Version 1 (2016-2017): Focused on using a radon transform to locate the answer sheet template. Probabilistic graphical models (PGMs) were used to interpret filled-in bubbles, and a CNN identified digits. Read the report and learn more about PGMs.

Version 2 (2018-2019): A website was developed, allowing lecturers to upload tests and automatically grade them. However, manual checks were still necessary for uncertain cases.

Version 3 (2020-2023): A complete overhaul introduced QR codes for accurate positioning and a CNN-Transformer architecture for interpreting handwritten answers. The system continuously learns from lecturer corrections, improving its accuracy over time.
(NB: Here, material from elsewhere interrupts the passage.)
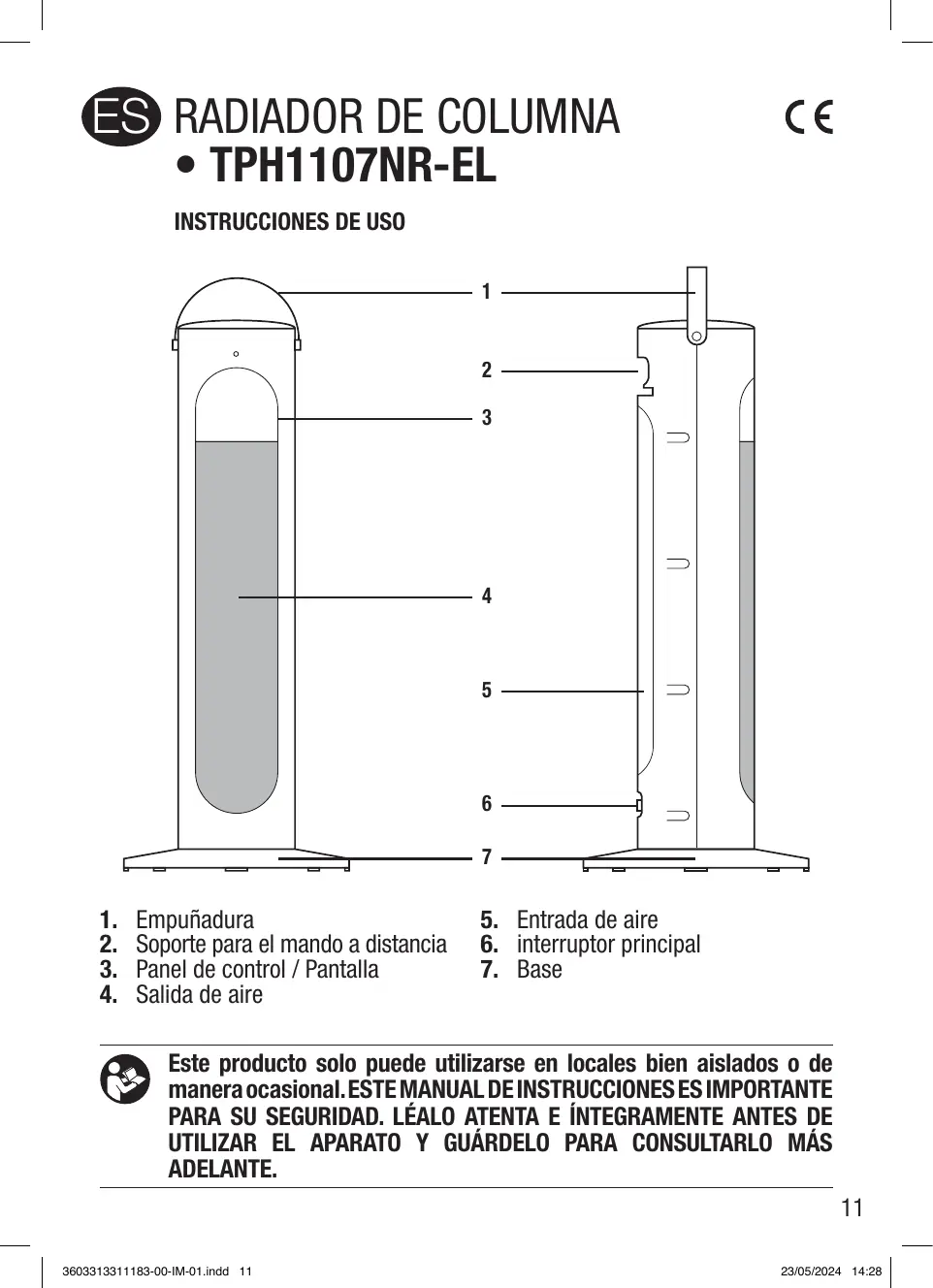 MANUAL DE USUARIO Tour Soufflante Céramique - 2000W - TPH1107NR-EL ELSAY

The AutoGrade website is available here.

Version 4 (2024): The AutoGrader system has now been adopted by the entire University, marking a significant milestone in its development and implementation. Ongoing work is focused on incorporating new capabilities using the latest open-source foundational vision models, further enhancing the system's accuracy and versatility.

Curious Agents

A project series exploring curiosity-driven reinforcement learning methods. The series focuses on building RL agents without explicit reward functions:

Curious Agents: An Introduction: In the first blog post, I provide background motivation for curiosity-based exploration in RL.

Curious Agents II: Solving MountainCar without Rewards: This post demonstrates training an agent to solve MountainCar without providing external rewards.
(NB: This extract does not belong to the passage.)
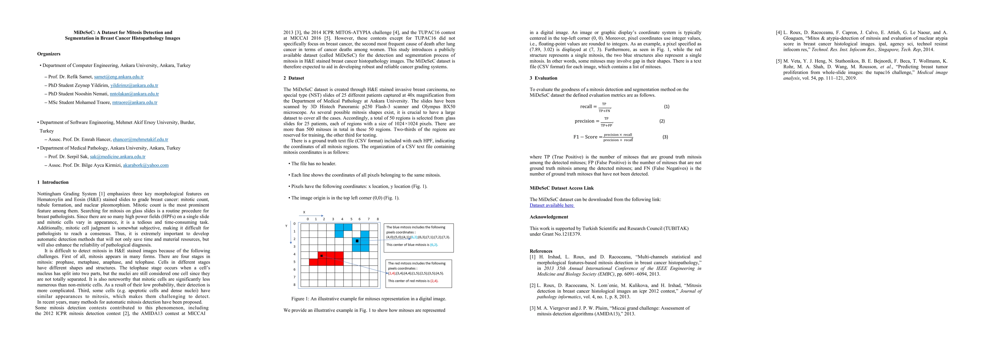 The MiDeSeC dataset is created through H&E stained invasive breast carcinoma, no special type (NST) slides of 25 different patients captured at 40x magnification from the Department of Medical Pathology at Ankara University. The slides have been scanned by 3D Histech Panoramic p250 Flash-3 scanner and Olympus BX50 microscope. As several possible mitosis shapes exist, it is crucial to have a large dataset to cover all the cases. Accordingly, a total of 50 regions is selected from glass slides for 25 patients, each of regions with a size of 1024*1024 pixels. There are more than 500 mitoses in total in these 50 regions. Two-thirds of the regions are reserved for training, the other third for testing.

Curious Agents III: BYOL-Explore: Next in the series, I implement DeepMind's BYOL-Explore and demonstrate its effectiveness on JAX-based environments.

Curious Agents IV: BYOL-Hindsight: The latest post discusses BYOL-Hindsight, which addresses limitations in previous curiosity-based algorithms. I tested the algorithm in a custom 2D Minecraft-like environment.

Updates

2024-07-21: Attended ICML 2024 in Vienna, Austria, presenting our work on multi-agent debate, offline RL for generative design, and offline multi-agent reinforcement learning (main authors could not attend).
2023-12-10: Attended NeurIPS 2023 in New Orleans, Louisiana, USA, presenting our work on multi-agent debate and offline RL for generative design.
2022-12-12: Attended IndabaX in Pretoria, South Africa, presenting my PhD work on scaling simulated robotic soccer.
2022-10-19: Attended a company retreat in Turkey, Istanbul.
2022-10-19: Started a full-time position as a Research Scientist at InstaDeep after a two-year internship.
2020-03-08: Received my Master's degree (Cum Laude) in Electrical and Electronic Engineering from Stellenbosch University.
2018-12-06: Received my Bachelor's degree (Cum Laude) in Electrical and Electronic Engineering from Stellenbosch University.